- _Exercise aim_
The expected copy holds every entry exactly and none of the pictures.

Stored data
= Beginning of Section =

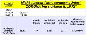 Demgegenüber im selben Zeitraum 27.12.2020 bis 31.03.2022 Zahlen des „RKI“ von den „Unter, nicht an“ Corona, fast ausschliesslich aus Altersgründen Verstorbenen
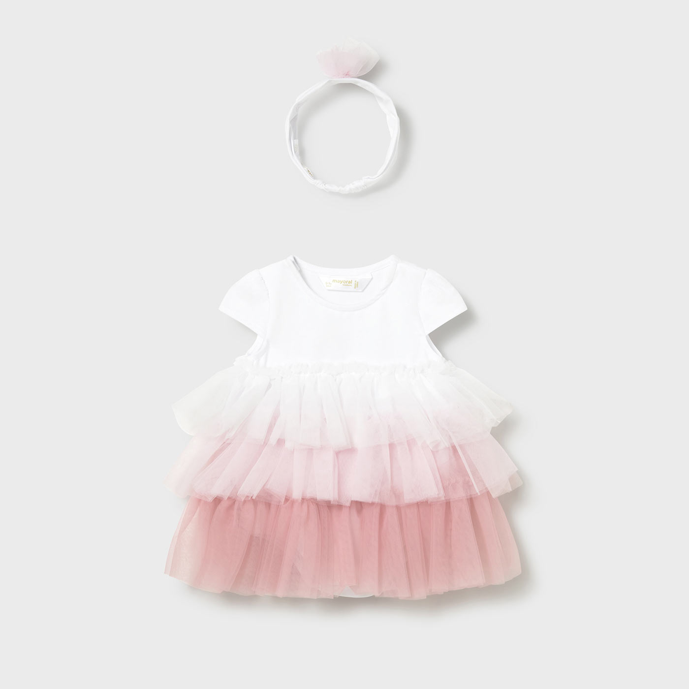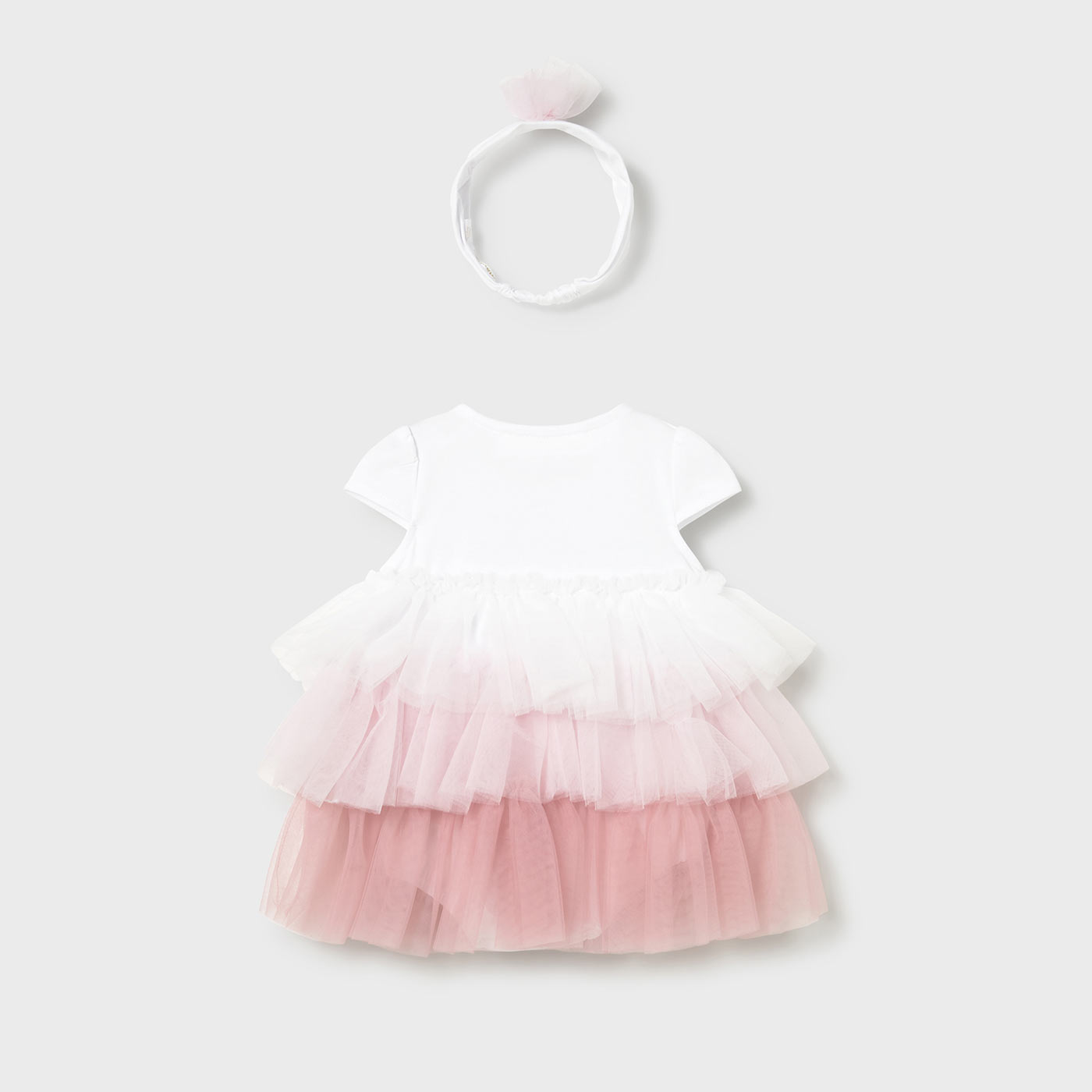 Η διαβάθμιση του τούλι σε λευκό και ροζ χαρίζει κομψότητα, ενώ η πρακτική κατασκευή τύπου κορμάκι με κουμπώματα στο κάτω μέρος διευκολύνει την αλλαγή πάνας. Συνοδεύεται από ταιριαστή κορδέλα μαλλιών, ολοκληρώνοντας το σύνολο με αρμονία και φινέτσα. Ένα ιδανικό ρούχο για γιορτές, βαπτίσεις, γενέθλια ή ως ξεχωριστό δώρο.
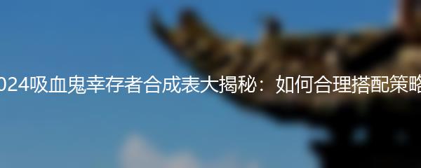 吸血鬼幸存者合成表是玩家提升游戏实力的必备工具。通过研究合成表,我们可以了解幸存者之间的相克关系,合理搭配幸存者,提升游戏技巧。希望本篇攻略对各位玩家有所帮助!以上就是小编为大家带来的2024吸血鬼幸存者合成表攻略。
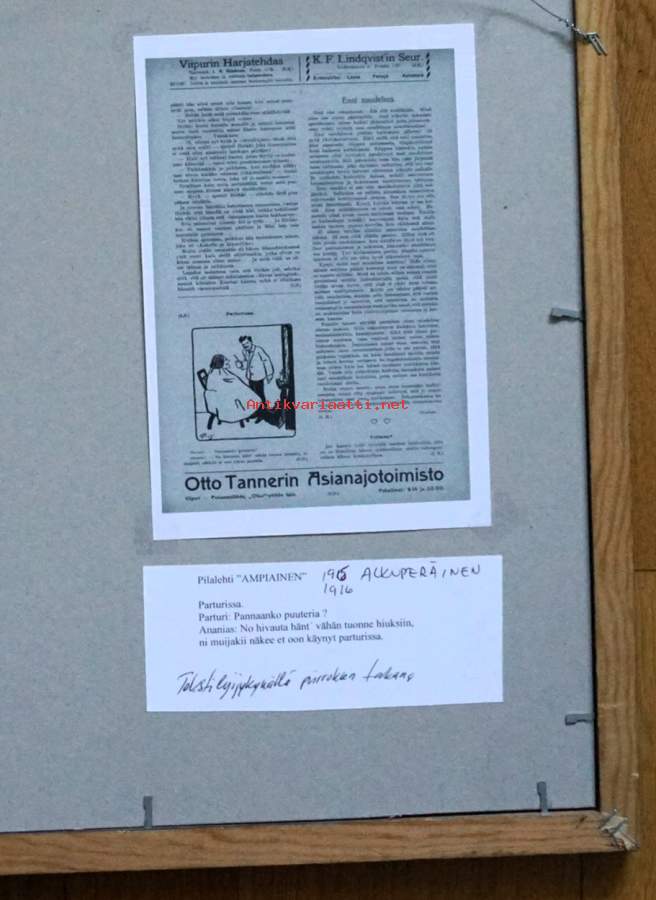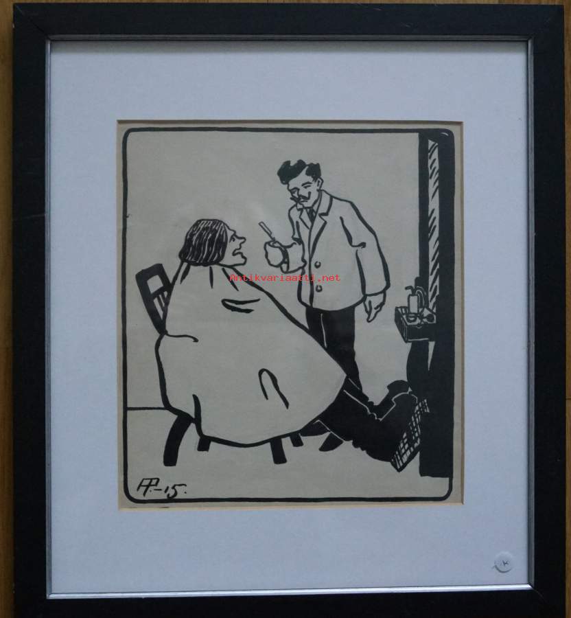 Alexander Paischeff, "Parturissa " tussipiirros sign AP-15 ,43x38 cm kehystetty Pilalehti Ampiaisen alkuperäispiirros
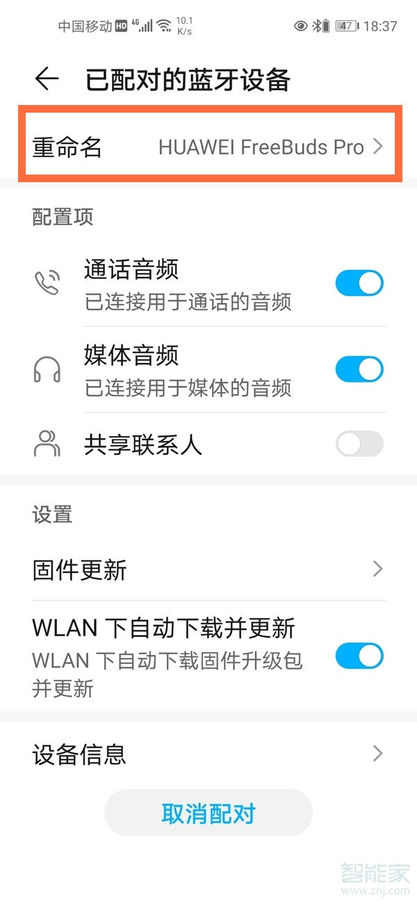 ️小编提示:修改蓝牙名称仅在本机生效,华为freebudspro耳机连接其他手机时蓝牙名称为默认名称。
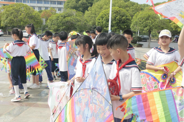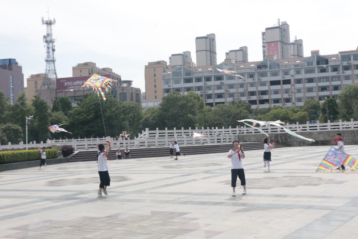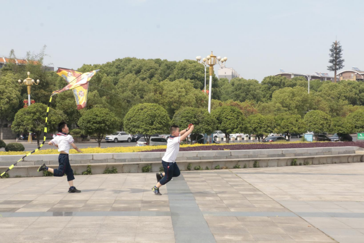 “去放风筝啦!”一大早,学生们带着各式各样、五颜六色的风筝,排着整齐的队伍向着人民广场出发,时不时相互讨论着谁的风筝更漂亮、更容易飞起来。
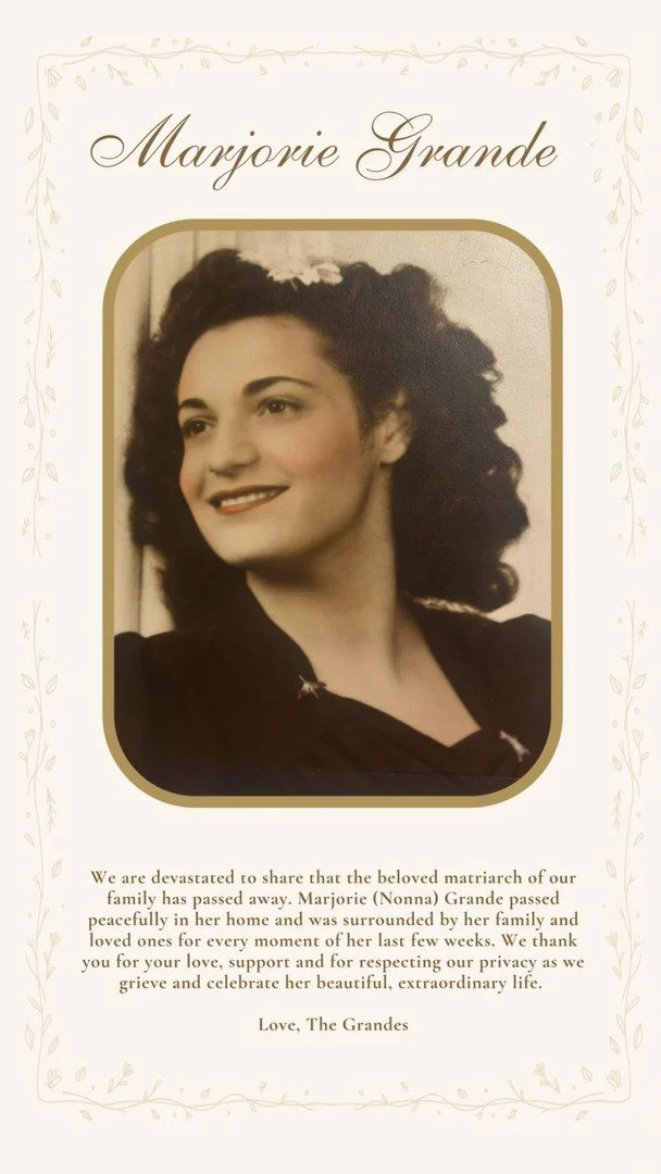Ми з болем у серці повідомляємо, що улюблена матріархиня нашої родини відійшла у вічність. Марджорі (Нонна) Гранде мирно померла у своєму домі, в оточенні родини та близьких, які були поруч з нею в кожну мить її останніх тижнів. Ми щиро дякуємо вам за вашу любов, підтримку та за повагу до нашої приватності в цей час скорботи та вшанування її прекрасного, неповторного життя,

= End of Section =

- _Result for this task_
 Demgegenüber im selben Zeitraum 27.12.2020 bis 31.03.2022 Zahlen des „RKI“ von den „Unter, nicht an“ Corona, fast ausschliesslich aus Altersgründen Verstorbenen
 Η διαβάθμιση του τούλι σε λευκό και ροζ χαρίζει κομψότητα, ενώ η πρακτική κατασκευή τύπου κορμάκι με κουμπώματα στο κάτω μέρος διευκολύνει την αλλαγή πάνας. Συνοδεύεται από ταιριαστή κορδέλα μαλλιών, ολοκληρώνοντας το σύνολο με αρμονία και φινέτσα. Ένα ιδανικό ρούχο για γιορτές, βαπτίσεις, γενέθλια ή ως ξεχωριστό δώρο.
 吸血鬼幸存者合成表是玩家提升游戏实力的必备工具。通过研究合成表,我们可以了解幸存者之间的相克关系,合理搭配幸存者,提升游戏技巧。希望本篇攻略对各位玩家有所帮助!以上就是小编为大家带来的2024吸血鬼幸存者合成表攻略。
 Alexander Paischeff, "Parturissa " tussipiirros sign AP-15 ,43x38 cm kehystetty Pilalehti Ampiaisen alkuperäispiirros
 ️小编提示:修改蓝牙名称仅在本机生效,华为freebudspro耳机连接其他手机时蓝牙名称为默认名称。
 “去放风筝啦!”一大早,学生们带着各式各样、五颜六色的风筝,排着整齐的队伍向着人民广场出发,时不时相互讨论着谁的风筝更漂亮、更容易飞起来。
Ми з болем у серці повідомляємо, що улюблена матріархиня нашої родини відійшла у вічність. Марджорі (Нонна) Гранде мирно померла у своєму домі, в оточенні родини та близьких, які були поруч з нею в кожну мить її останніх тижнів. Ми щиро дякуємо вам за вашу любов, підтримку та за повагу до нашої приватності в цей час скорботи та вшанування її прекрасного, неповторного життя,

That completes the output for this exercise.